As long as any metric favours one particular manufacturer, the rest will try to replace it with a new one. The result will be more FUD and ore confused users ("I've finally worked out what GHz are and you tell me I have to look at the number of flops?!?")
</Pessimist>
I say we take-off and slashdot the site from orbit... it's the only way to be sure
It isn't just branches though. For example, a 32x32=>64 multiplication on the P4 can take upto 14 cycles [iirc] whereas on the Athlon it's 6-cycles. So for example,
MUL EAX,EBX [DIMMMM]
ADD ECX,EAX [_D___IE]
So in total takes seven cycles.
The same code on the P4 would take at least 15 cycles. What's worse is consider
MUL EAX,EBX [DIMMMM_]
ADD ECX,EBX [_DIE___]
INC ESI [_DIE___]
DEC EBP [__DIE__]
ADD EBX,EDX [__D__IE]
Again this takes seven cycles.

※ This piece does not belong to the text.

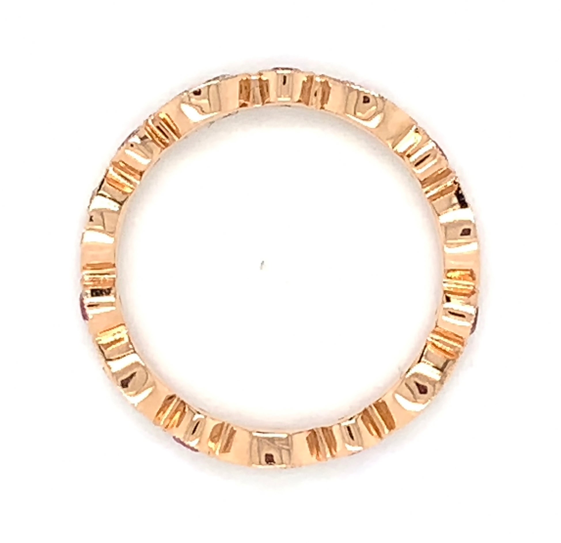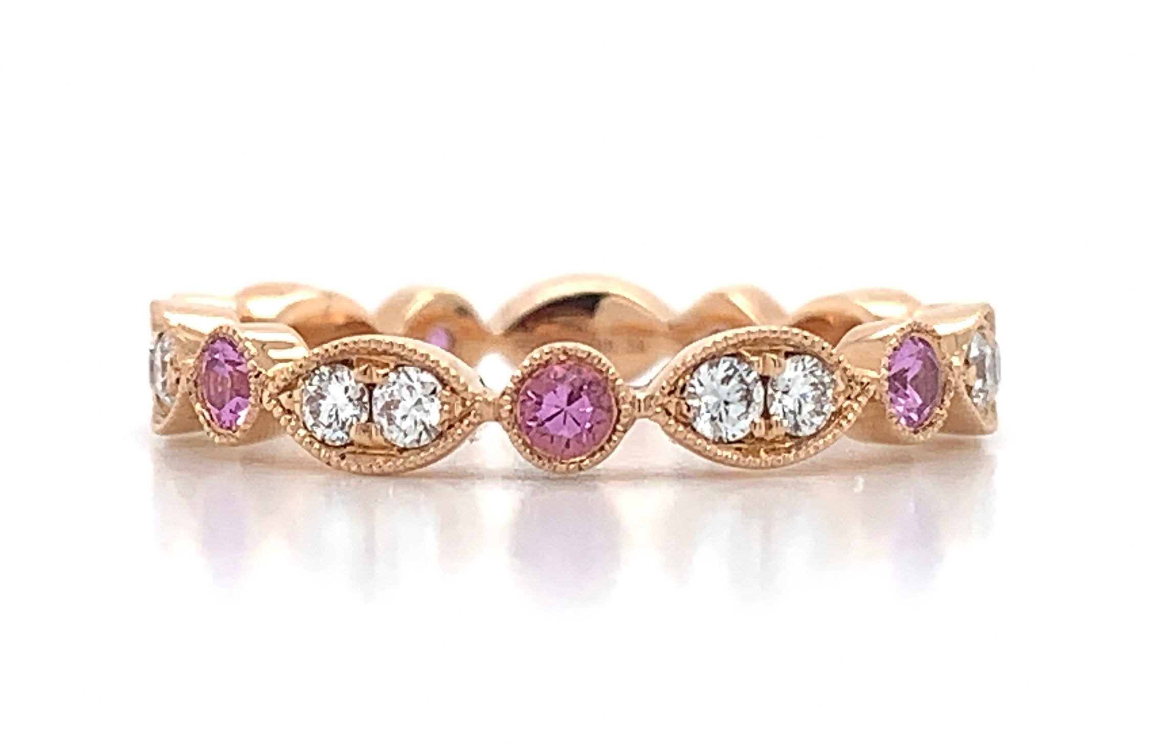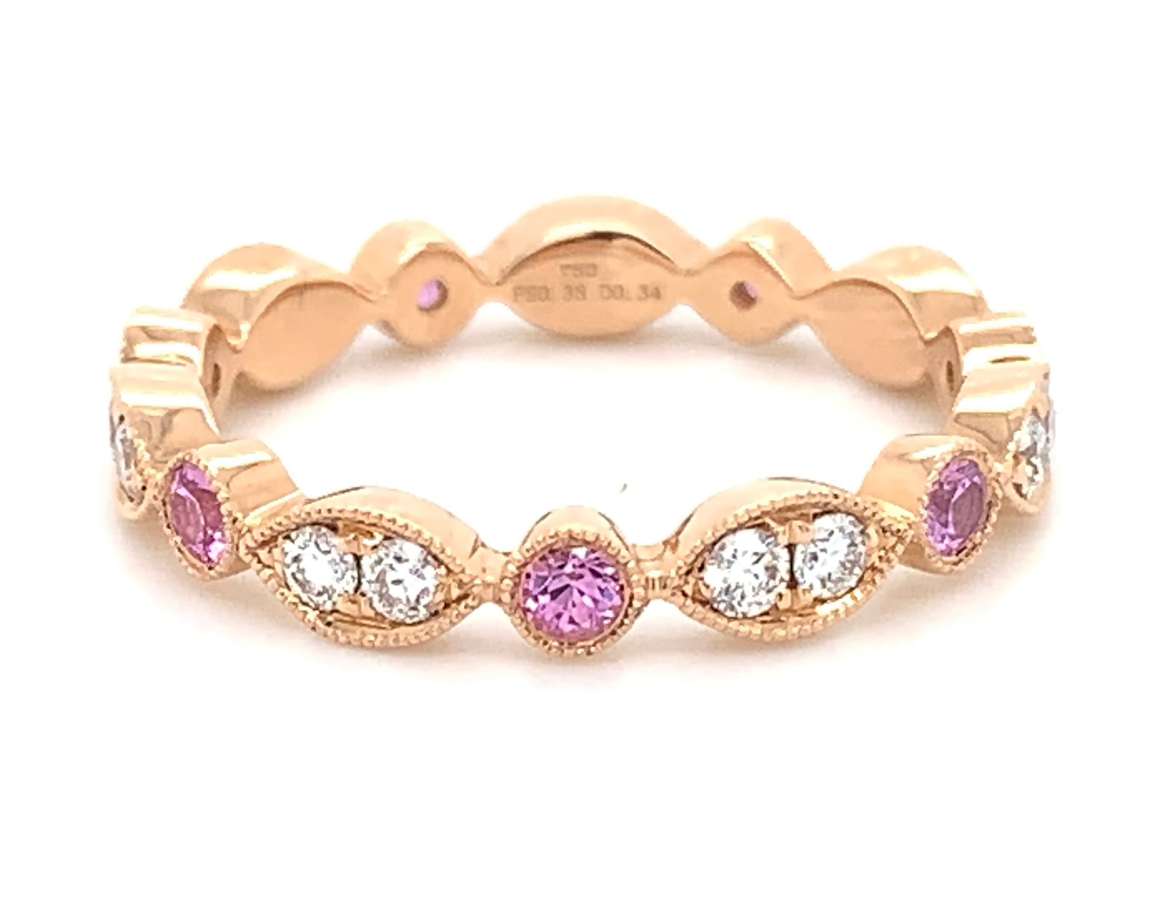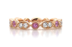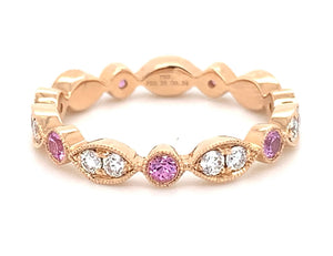 You don't have to break your bank to stay elegant and stylish. This diamond eternity band with 7 pink sapphire 14 round brilliant diamonds is one of our all time faves that has been around for years. 0.70ct in round diamonds and pink sapphire will leave everyone speechless and you will catch yourself looking at it all the time! Metal:18kt Rose Gold Diamond Weight: (14) Round Brilliant Cuts 0.34ct t.w. / (7) Pink Sapphire 0.36ct t.w. Size:6

Specially since instruction 1 and 2 can go start in cycle two in pipes 1/2.
Compare that to the P4 which only has two ALU pipes [one of which is now stalled for 14 cycles for the MUL to finish].
Tom
Someday, I'll have a real sig.
The Quantium has the following new features:
"DIMMMM / DIE / DIE / DIE / D_IE" ... You aren't an employee of Rambus Inc. by any chance?